I would post this post as a joke/meme if it were one. Unfortunately, this is usually the case and devs, like regexes, sometimes tend to miss some important detail in the .* part.

Comments
  • 4
    wait some devs filter their own email with regex? that's genius
  • 4
    What’s the important part?

    It’s someone grossly underestimating the amount of work required while piling it on your plate, and very obviously pretending to be nice about it so maybe you still like them. And it’s a hook: if you take too long, you’re at fault because this clearly states it should only take 15 minutes. The niceness also bars any replies that aren’t also overly friendly as then you are the aggressor and again at fault.

    While none of this was overtly intentional, it is still true nevertheless, and an irritated or pissy boss would absolutely use it against you.
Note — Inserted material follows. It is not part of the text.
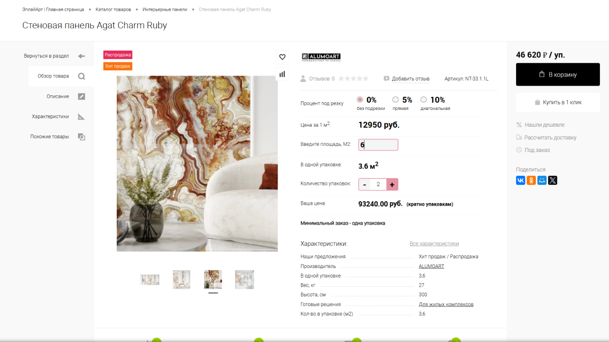 Главная фишка — умный калькулятор в карточке товара. Покупатель сразу рассчитывает нужное количество материала, видит стоимость и добавляет в корзину. Никаких лишних действий.

    Source: several bosses who did exactly this, nearly every week.

    The “thank you” at the end sounds sincere enough. That part was nice.
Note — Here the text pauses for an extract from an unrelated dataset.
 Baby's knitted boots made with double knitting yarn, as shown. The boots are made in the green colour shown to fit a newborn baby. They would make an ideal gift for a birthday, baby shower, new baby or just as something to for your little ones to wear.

    Also, that’s the wrong dash 😉
  • 1
    @Root grammar nazi! [I guess it should've been a comma? Or nothing at all? We haven't been taught this part of the language - I'm usually using the rules used in my native lang :)]

    idk, these THANK YOU always sound in my head as "please and thank you". Like I have no choice to not do that, because I've already been thanked for it. Maybe the person does indeed mean to be polite. Maybe. I'd see it polite/sincere if the person thanked me after committing to or at least ack'ing the request.

    This politeness somehow seems...Pushy. "Hey Milton, whaaat's happening; if you could just get that report ready for me by the eod, that would be greeeaaat. Thank you." [if you get the ref.]